Se sabe perfectamente que el Estado —bajo cualquier administración— posee diversas herramientas de control social y desarticulación de protestas populares (defensa legítima del orden público, le dicen). Están las de uso legal y/o constitucional pero también existen los métodos de baja intensidad que desde la asimetría y la arbitrariedad pretenden sofocar y criminalizar una demanda social (con tácticas de infiltración, fake news, delaciones, etc.).

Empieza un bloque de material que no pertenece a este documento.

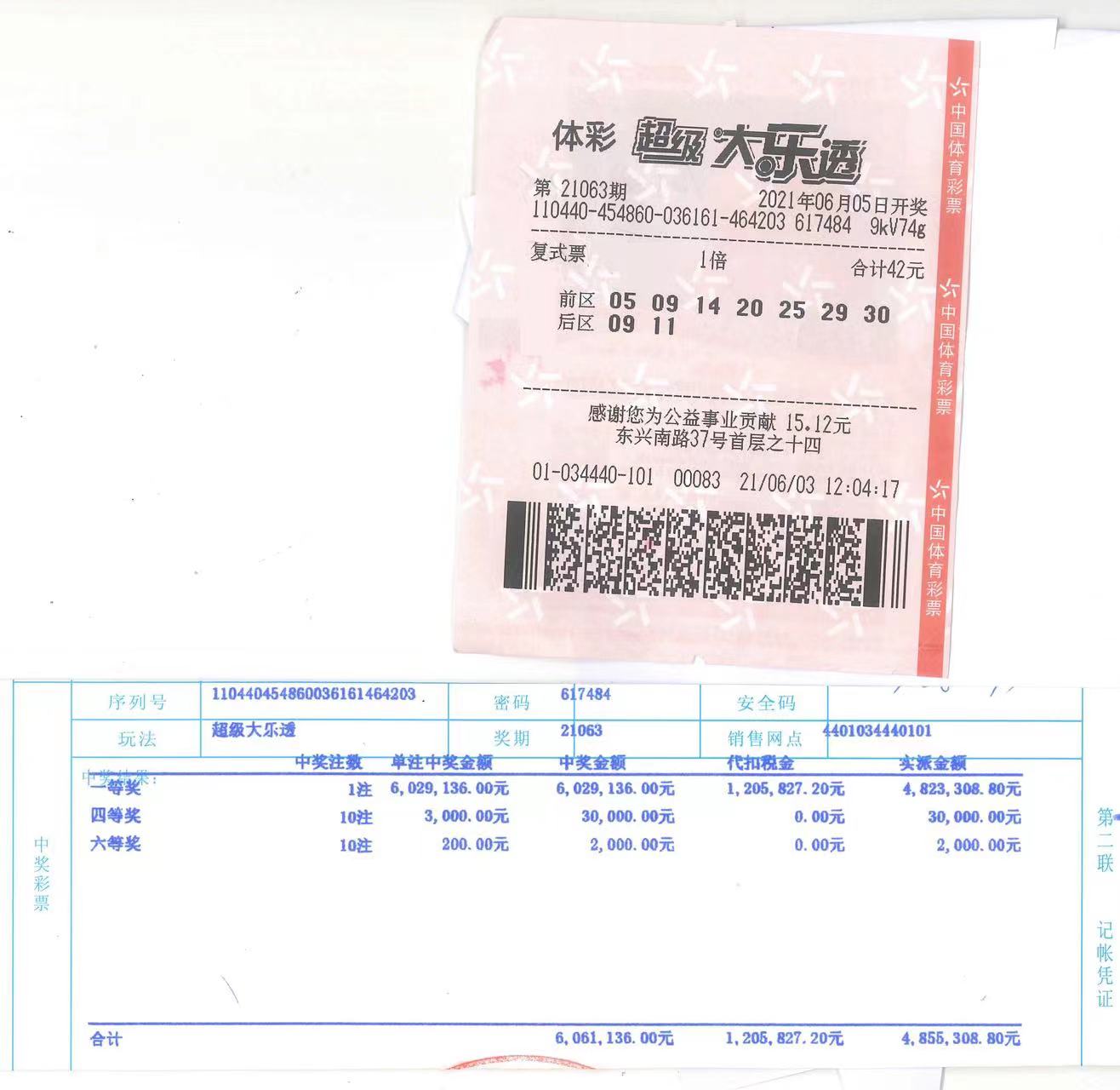 值得一提的是,中出上述大奖的体彩实体店曾于今年6月5日中出21063期大乐透1注基本投注一等奖和若干固定奖,单票总奖金606万,中奖的是一张42元的7+2复式票。这间幸运的体彩店成功缔造了“一年抱俩”的佳话。

Una vez que la lucha popular es desprestigiada y minada desde adentro (quema de vehículos simbólicos como las ambulancias o detención de cisternas transportadoras de oxígeno medicinal, por ejemplo) el terreno se vuelve fértil y sensible para que la otra parte de la población exija a gritos «mano dura», logrando la «legitimidad» de mecanismos reaccionarios (militarización de la zona de conflicto, suspensión de derechos y garantías básicas, represión indiscriminada, etc.).
Estas medidas suelen ser más eficaces que el soso protocolo policial de siempre. Apagan la rebelión rápidamente y consiguen apoyo ciudadano con el soporte de estrategias mediáticas de condena a los métodos de acción directa de masas.
Y estos vericuetos, de abuso e imposición de poder, no son exclusividad de la rancia ultraderecha formada en décadas de golpismo y hedionda oligarquía, sino que también son sello de presentación de regímenes liberales o socialdemócratas que encandilan con discursos de reformas y democracia, mientras sacan tanquetas y escuadrones ultrarrepresivos para «dialogar» con los trabajadores y sus justas demandas.